Attempting to teach my sister trig. I'm completely unsure how to approach the following question. She has learnt about the unit circle, sine and cosine laws.
I thought it was asking to determine how much the dog could reach so I modeled it as a circle enclosed in the triangle with a radius of 5m. Any advice on how to think about this question would be greatly appreciated.
I got $15.7$m by dividing the circumference of a theorized circle in half, but the answer is $15.2$m, is the top right portion of the circle being cut by the triangle $PBX$ (if it were drawn, where $XB>CB$)?
You're right that the answer is determined using a circle of radius $5$ meters, with the center at $P$, as shown below,
where $D$, $F$, $G$ and $H$ are the intersection points of the triangle with the circle. In particular, the dog can reach any of parts of the fence that are within $5$ meters of the leash's tether point at $P$, with this being those sections enclosed in the circle (i.e., the triangle lines shown in green).

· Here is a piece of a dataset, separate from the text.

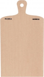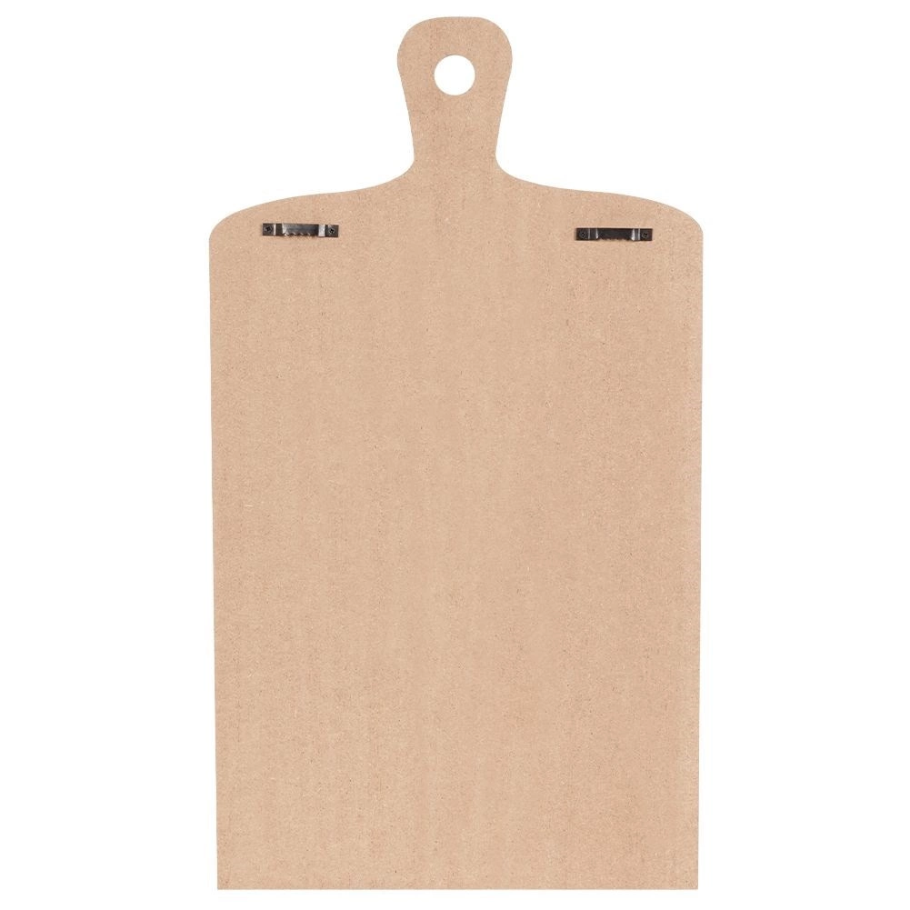 Pulverlakeret metal tåler daglig brug, mens MDF-pladen giver stabilitet og et dekorativt skærebrætsudtryk.
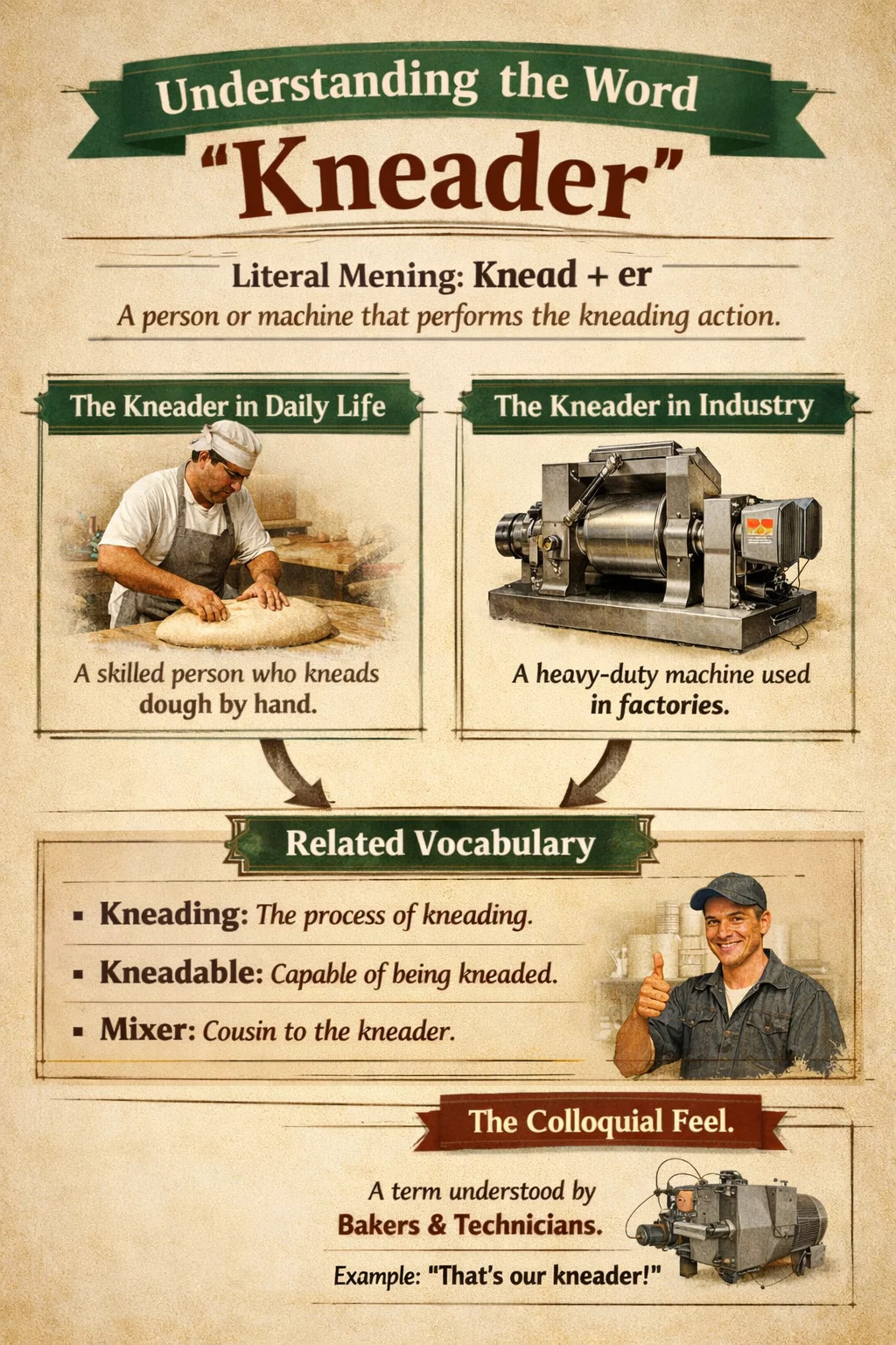 Tá an focal seo comhdhéanta den bhriathar "knead" (to knead taos) agus an iarmhír "-er" (iarmhír a léiríonn duine nó rud).

Since $|PD| = |PF| = 5$, we have that $\triangle DPF$ is isosceles. Thus, the angle bisector of $\angle DPF$ meets $CB$ at $E$ at a right angle so, by ASA (angle-side-angle), we have $\triangle PED \cong \triangle PEF$. This means $|DE|=|EF|=a$ for some $a \gt 0$. Next, since $\measuredangle PEB = 90^{\circ}$, we then have from $\triangle PEB$ that
$$\sin(41^{\circ}) = \frac{|EP|}{|PB|} = \frac{h}{6.5} \; \; \to \; \; h = 6.5\sin(41^{\circ}) \approx 4.26438\,\text{m}$$
Using the Pythagorean theorem with $\triangle PEF$, we get
$$|PE|^2+|EF|^2=|PF|^2 \; \to \; h^2 + a^2 = 5^2 \; \to \; a = \sqrt{25 - h^2} \approx 2.6105\,\text{m}$$
As Ross Millikan's comment indicates, the total dog reachable length of the fence, $L$, would be the sum of the lengths of those displayed green triangle lines, i.e., the diameter $|GH| = 10\,\text{m}$, plus $|DF| = 2a$, to get that
$$L \approx 10 + 2(2.6105) \approx 15.2\,\text{m}$$